Tuesday, June 05, 2007
How To Get Your Band Taken Like, Really, Super Duper Seriously
Want to show the world your musical act is the real deal? That you're not just a bunch of post-emo pansies, and that you're like, sooooooo totally deep? It's much easier than you might believe.
Obviously, as a band of musicians, it is of utmost importance that you begin your transformation into a Serious Band with your outward appearance. There are a couple of ways to accomplish this, but it's best if you combine all of the following:
- All of you must dye your hair black. Aryans do not have feelings, do not have thoughts, do not have even the slightest hint of cognitive or emotional ability. Emotions and thoughts are for like, gays.
- All of you must wear black t-shirts. Not black pants, though. What do you want to do, be like, goth or something? So old. And like, really gay.
- One of you must wear more eyeliner than the byproduct of the post-nookie pillowcase stains of Dave Navarro and Jenna Jameson. Not all of you, because that would be overkill. And that might look... You know... Gay. And you're totally not gay. You hate gays. You know for a fact that gays killed the dinosaurs, and even though you've never heard them before, you have to make sure everyone knows you listen to T-Rex.

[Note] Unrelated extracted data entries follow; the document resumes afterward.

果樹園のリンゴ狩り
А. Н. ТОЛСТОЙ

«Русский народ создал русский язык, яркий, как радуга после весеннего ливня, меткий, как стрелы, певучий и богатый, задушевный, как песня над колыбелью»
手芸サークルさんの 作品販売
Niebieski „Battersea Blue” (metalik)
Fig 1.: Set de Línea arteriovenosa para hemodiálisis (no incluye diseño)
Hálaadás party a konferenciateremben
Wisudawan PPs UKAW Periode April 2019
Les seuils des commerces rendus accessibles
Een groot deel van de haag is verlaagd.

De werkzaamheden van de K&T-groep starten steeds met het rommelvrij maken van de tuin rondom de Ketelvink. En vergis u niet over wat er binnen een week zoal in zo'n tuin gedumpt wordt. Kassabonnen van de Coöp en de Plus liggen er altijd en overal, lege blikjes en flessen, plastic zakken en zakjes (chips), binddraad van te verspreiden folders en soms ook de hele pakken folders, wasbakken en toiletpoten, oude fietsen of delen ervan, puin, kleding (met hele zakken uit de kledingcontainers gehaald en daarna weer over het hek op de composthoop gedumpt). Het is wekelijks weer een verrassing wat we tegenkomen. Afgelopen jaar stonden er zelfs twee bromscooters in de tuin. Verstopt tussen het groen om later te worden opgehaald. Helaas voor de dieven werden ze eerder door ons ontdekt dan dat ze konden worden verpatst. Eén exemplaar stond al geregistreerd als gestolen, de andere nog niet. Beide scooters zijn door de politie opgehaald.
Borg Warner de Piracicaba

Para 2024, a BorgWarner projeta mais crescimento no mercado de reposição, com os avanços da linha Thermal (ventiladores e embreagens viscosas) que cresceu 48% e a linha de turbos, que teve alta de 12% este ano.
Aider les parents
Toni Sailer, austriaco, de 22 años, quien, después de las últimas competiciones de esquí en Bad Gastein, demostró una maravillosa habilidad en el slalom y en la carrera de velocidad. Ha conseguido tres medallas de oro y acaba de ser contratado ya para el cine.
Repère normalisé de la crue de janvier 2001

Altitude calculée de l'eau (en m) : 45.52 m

- Your frontman should, after roughly a year, decide black hair isn't working and Prell his way back to blonde roots. Chicks dig blonde guys. The rest of you need to grow it out, because roots look punk. Not that you're punk. Punk and hair dye, you'll decide, are for stupid girly bands. And gays.

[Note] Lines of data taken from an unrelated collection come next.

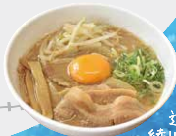
道の駅滝宮・綾川町うどん会館 ショップ綾川

飲酒運転はされないように、アルコールを飲まれる方は公共交通機関にてお越しください。イベントの駐車場はございません。
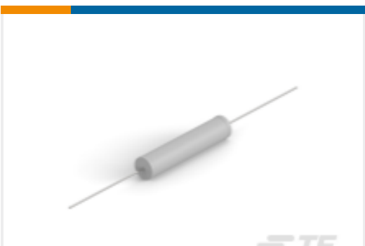
TE 产品编号9-2176415-0 8W STD M/OX 5% 150K
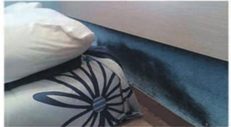
Problemas de humedad por capilaridad

Se han realizado estudios científicos sobre adolescentes que sufren afecciones respiratorias, dando como resultado un 83% de asma, bronquitis asmáticas y bronquitis crónicas y un 87% de rinitis crónicas, que alcanzan a jóvenes que viven en habitaciones demasiado húmedas. De un 20 a un 30% de nosotros sufrimos alergias respiratorias, ¡dos veces más que hace 20 años!. Edouard Drouhet,
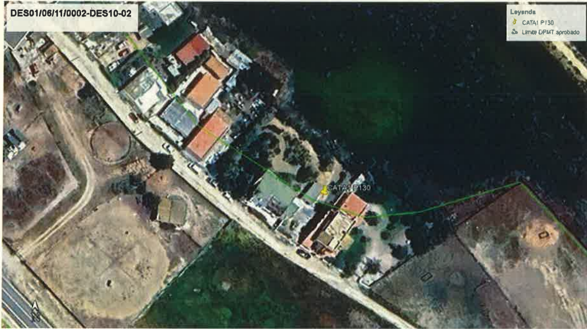
EMPLAZAMIENTO CATA 1 EN PARCELA 130
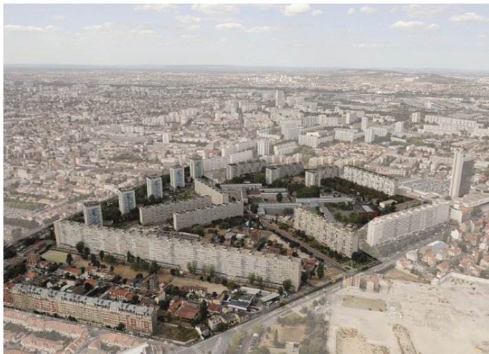
Vue aérienne du quartier des Agnettes à Gennevilliers
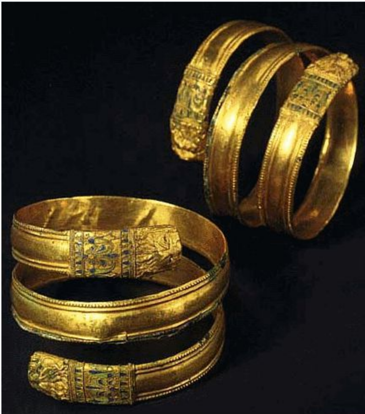
Браслеты IV в. до н.э. Золото, бронза Диаметр - 80 мм, 75 мм Курган у с. Огоньки, Крым Раскопки Д.С. Кирилина,
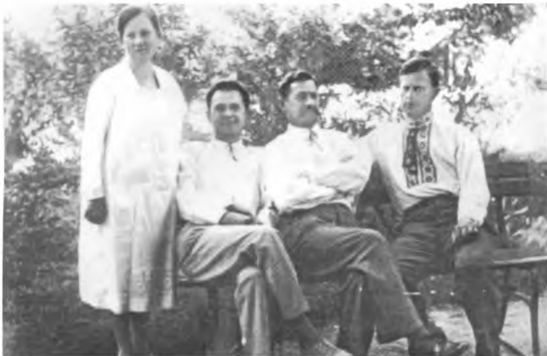
Родина Гайдовських-Потаповичів. Подєбради, 1929 р.

рогів-окупантів як охотник (доброволець. — Ред. )”. У 1919 р. перебував на службі в міністерстві фінансів уряду УНР, з яким й емігрував за кордон. Дійсний слухач економічного відділу економічно-кооперативного ф-ту УГА в Подєбрадах (1922 — 1926). Захистивши дипломну роботу “з успіхом добрим”, здобув фах інженера-економіста (1927).
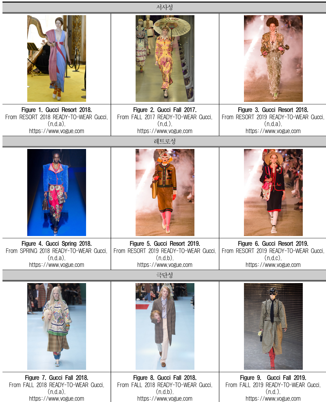
Table 2. 과장성 유형.

<Figure 1>에서는 그리스와 로마 같은 고전시대의 튜닉, 엠파이어 시대의 솔과 드레이퍼리, 르네
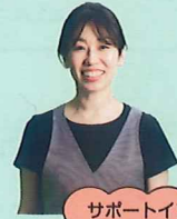
サポートインストラクター

Next in your quest not for "rockstardom," but like, really serious musicianship is your stage show.
- You must--must--thrash a great deal. Otherwise, you'll sound like, emo. And emo is for gays.
- When you introduce songs, do so ambiguously. Being obvious is for punks, and you're not a loser fag pop-punker. "This is a song about a girl" will not work for you, because your songs are like, never about girls. Singing about girls is for gays.
Finally, your songwriting has to be like, really, really deep. Like, Marianas Trench deep, brah.
- You really need to use metaphors. "The world is an open herpes sore on my parched lower lip" would be lyrical genius. If you're discussing a relationship, you need to mask it under this same literary device, because you shouldn't even be doing it to begin with. "She's a Motel Six in need of a sugar fix" works nicely.
- Nickelback are your rolemodels as far as music goes. You need to be as unique, as groundbreaking, as innovative, and as evolutionary as these greats. Except you're going to be even better, because you have a keyboard. Not a synth, though, because synths are gay.